Shell drains Writer and sends to real logger:

# Illustrative shell sketch (not a repo file): drain Writer logs to a real logger adapter.
result, logs = run_writer(writer_program)
for entry in logs:
    logger.log(entry)

Never pass Logger into the core – logging stays pure via Writer.

5. Property-Based Proofs (selected)

# Repo references:
# - Clocks: `src/funcpipe_rag/infra/adapters/clock.py`
# - File storage: `src/funcpipe_rag/infra/adapters/file_storage.py`
# - In-memory storage: `src/funcpipe_rag/infra/adapters/memory_storage.py`
#
# This repo currently tests file-storage resource safety and parse errors in:
# - tests/unit/infra/adapters/test_file_storage.py

6. Big-O & Allocation Guarantees

Operation Time Call-stack Heap Allocation
Protocol dispatch O(1) O(1) O(1) O(1)

Protocols introduce no additional runtime overhead beyond normal method dispatch.
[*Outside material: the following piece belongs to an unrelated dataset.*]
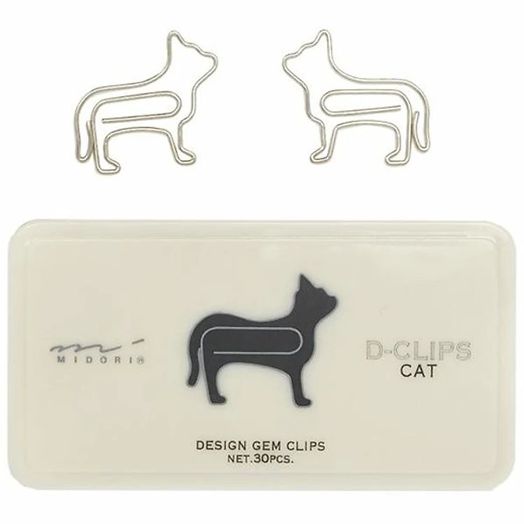 Hộp 30 Kẹp Giấy D-Clip Midori 43185 - Hình Mèo

7. Anti-Patterns & Immediate Fixes

Anti-Pattern Symptom Fix
Concrete class in core Import from infra → coupling Depend only on protocol
God protocol One interface with 40 methods One capability → one protocol
Optional[T] for absence Cache miss indistinguishable Use proper Option[T]
Logger in core Impure logging in pure code Log via Writer; drain in shell

8. Pre-Core Quiz

  1. Capability protocols are…? → Typed interfaces for exactly one responsibility
  2. Core depends on…? → Only the protocol, never the concrete adapter
  3. Cache miss is modeled as…? → Option[Chunk] (never Chunk | None)
  4. Logging in core uses…? → Writer[_, LogEntry] – never Logger
  5. Real power comes from…? → Static checking + runtime swappability

9. Post-Core Exercise

  1. Define a MetricsProtocol and implement both no-op and Prometheus versions.
  2. Refactor one pipeline stage to use MonotonicTestClock in tests and prove timing logic via collected now() calls.
  3. Write a property test that proves CollectingLogger receives exactly the expected entries.
  4. Add a AppCapabilities dataclass bundling all your protocols and refactor one shell to inject a single object.

Next → M07C04: Resource Safety – Guaranteeing Cleanup on Partial Consumption

You now have statically checked, composable capability protocols for every common effect. Your core is pure, your shell injects real implementations, and mypy + Hypothesis guarantee you never accidentally reach into concrete infrastructure or conflate absence with null. This is the foundation every production FuncPipe system is built on.